■ **TASK PROMPT**: Word for word, transcribe the data below from the line with "Kurta: Sleeveless with" to the line with "(¬4) قال السندي: ((التسبيح", keeping both of those lines.

■ **INPUT FOR THIS TASK**:
════════
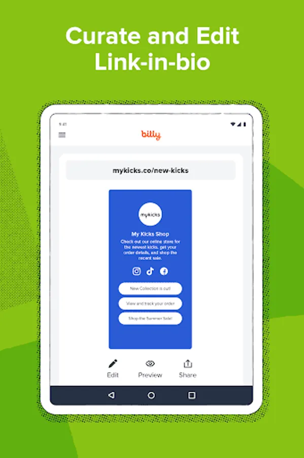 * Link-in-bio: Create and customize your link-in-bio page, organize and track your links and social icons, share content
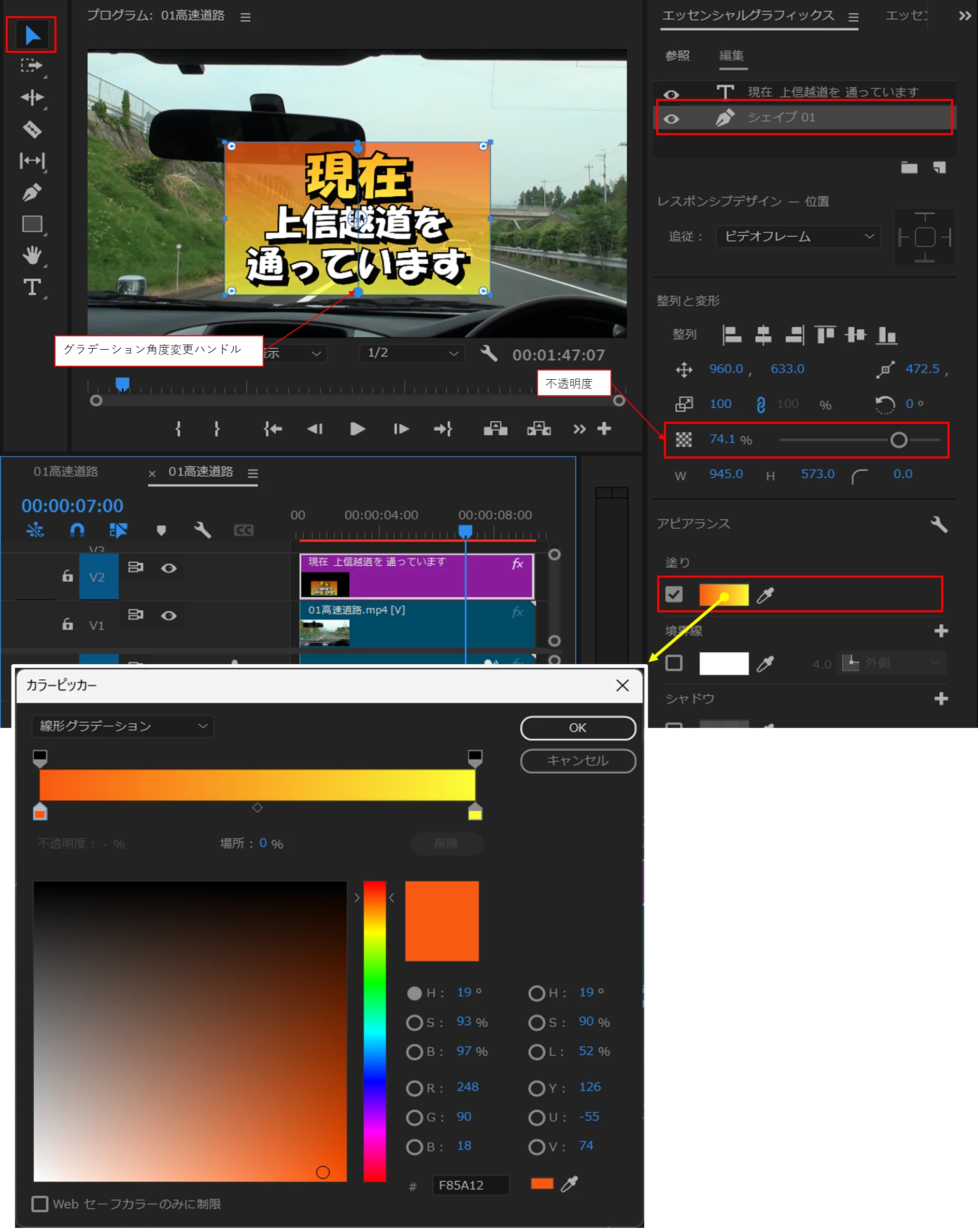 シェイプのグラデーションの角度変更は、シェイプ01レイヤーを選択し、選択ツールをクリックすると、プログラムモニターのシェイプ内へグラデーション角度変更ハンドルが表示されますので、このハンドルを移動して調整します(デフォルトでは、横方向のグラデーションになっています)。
════════
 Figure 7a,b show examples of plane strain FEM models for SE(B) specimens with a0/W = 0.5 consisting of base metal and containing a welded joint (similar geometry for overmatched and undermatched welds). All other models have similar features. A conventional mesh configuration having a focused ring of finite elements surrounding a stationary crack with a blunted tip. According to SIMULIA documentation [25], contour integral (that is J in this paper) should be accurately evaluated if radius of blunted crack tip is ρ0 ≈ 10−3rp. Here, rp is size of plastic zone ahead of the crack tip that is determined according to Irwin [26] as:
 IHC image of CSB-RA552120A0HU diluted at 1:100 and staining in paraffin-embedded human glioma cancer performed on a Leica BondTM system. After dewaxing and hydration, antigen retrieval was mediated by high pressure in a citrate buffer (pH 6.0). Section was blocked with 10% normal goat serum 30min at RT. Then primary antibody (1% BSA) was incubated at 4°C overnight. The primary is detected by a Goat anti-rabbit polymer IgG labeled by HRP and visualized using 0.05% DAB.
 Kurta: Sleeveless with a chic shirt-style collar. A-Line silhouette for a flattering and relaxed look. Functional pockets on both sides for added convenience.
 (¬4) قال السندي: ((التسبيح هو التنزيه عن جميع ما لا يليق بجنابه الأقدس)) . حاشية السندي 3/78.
════════
■ **TASK OUTPUT**:
 Kurta: Sleeveless with a chic shirt-style collar. A-Line silhouette for a flattering and relaxed look. Functional pockets on both sides for added convenience.
 (¬4) قال السندي: ((التسبيح هو التنزيه عن جميع ما لا يليق بجنابه الأقدس)) . حاشية السندي 3/78.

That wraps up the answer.